Knapp einen Monat später verschreckte derselbe Mann Besucher auf dem Melatenfriedhof. Er pfiff mit einer Trillerpfeife; als sich ihm zwei Zivilbeamte näherten, brüllte er „Meine Ehre ist Treue“, „Scheißkanaken“ und: „Ich ziehe meinen SS-Mantel an und mache euch fertig.“

Angeklagter hat Polizeibeamte angepöbelt

Am Montag musste sich der 43-Jährige vor dem Amtsgericht verantworten. Auch ein weiterer Vorfall im Januar, an den er sich ebenso wenig wie an die anderen erinnern will, wurde ihm zur Last gelegt. Auf der Fahrt zum Polizeipräsidium hatte er im Streifenwagen Beamte bepöbelt und unter anderem erneut „Sieg heil“ gerufen“. Die gesammelten Vorwürfe lauteten auf „Verwendung verfassungswidriger Kennzeichen“ und Beleidigung. Ein Rechtsradikaler außer Rand und Band?

Schnell zeigte sich, dass es nicht so war.
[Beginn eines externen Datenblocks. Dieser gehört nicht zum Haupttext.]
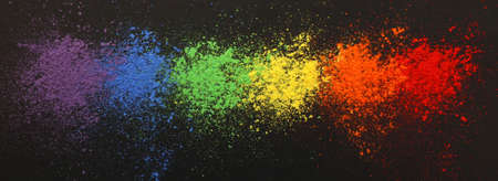 A wide banner background style shot of the LGQT rainbow flag colors made out of chalk dust and arranged in a line.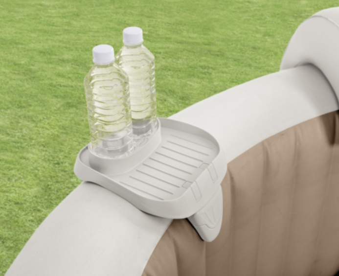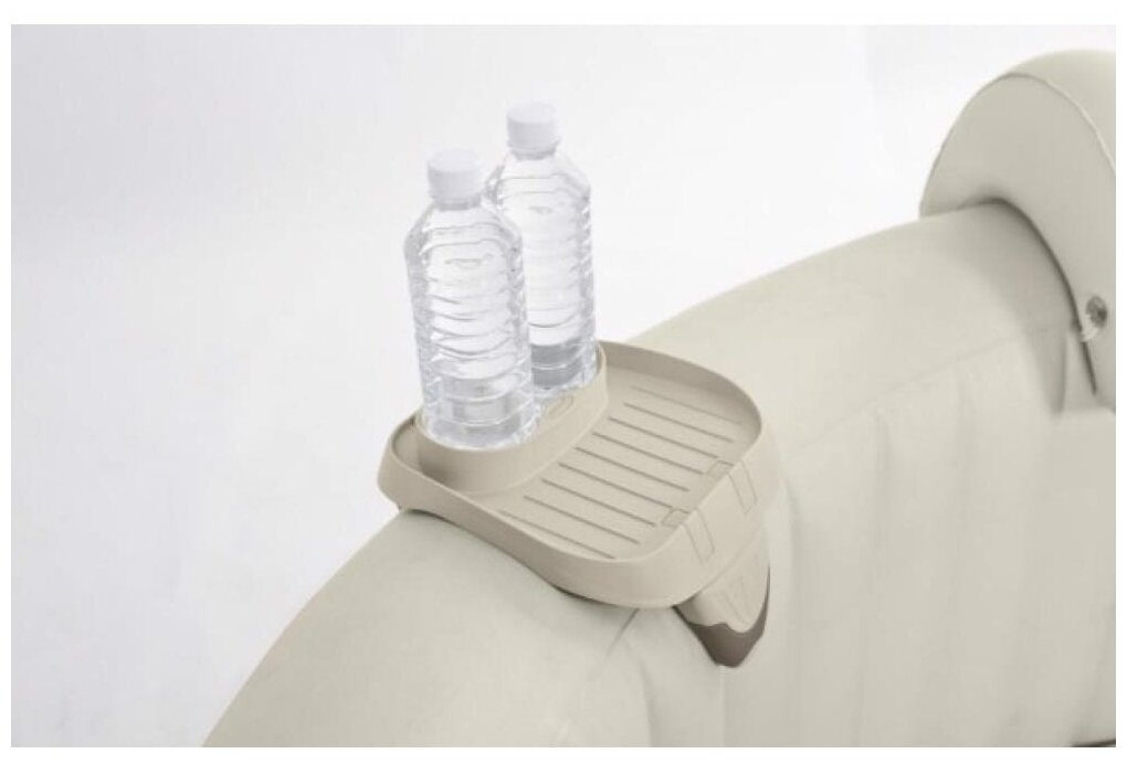| Дополнительная информация | Подстаканник с поддоном используется для надувных джакузи Intex. Благодаря специальной форме и наличию резиновой основы надежно крепиться к джакузи. Позволяет ставить две ёмкости стандартных размеров с напитками, закуски, телефон или часы. Легко снимается и устанавливается. Сделан подстаканник PureSpa Cup Holder из высококачественного пластика, в той же цветовой гамме, что и внутренняя часть бассейна. |

Der Angeklagte, der von einer Erwerbsunfähigkeitsrente lebt, legte ein Attest der LVR-Kliniken vor, aus dem hervorgeht, dass er seit Jahren an einer paranoiden Psychose leidet, die in Schüben ausbricht und wegen der er wiederholt in stationärer Behandlung war; zudem konsumiere er im Übermaß Alkohol und Cannabis. Die angeklagten Taten habe er „mit hoher Wahrscheinlichkeit“ krankheitsbedingt „in wahnhafter Verkennung der Realität“ begangen.

Kriterien für Gutachten streng

Das brachte die Amtsrichterin in eine Zwickmühle. Mit Sicherheit sei er eingeschränkt schuldfähig gewesen. Doch ein Freispruch sei nur dann möglich, wenn ein Sachverständiger die volle Schuldunfähigkeit feststelle. Das Gutachten koste rund 3000 Euro; nach ihrer Erfahrung seien die Kriterien jedoch so streng, dass der Angeklagte höchstwahrscheinlich nur für vermindert schuldfähig erklärt werde. Er würde also trotzdem verurteilt und müsste obendrein die Kosten für das Gutachten tragen.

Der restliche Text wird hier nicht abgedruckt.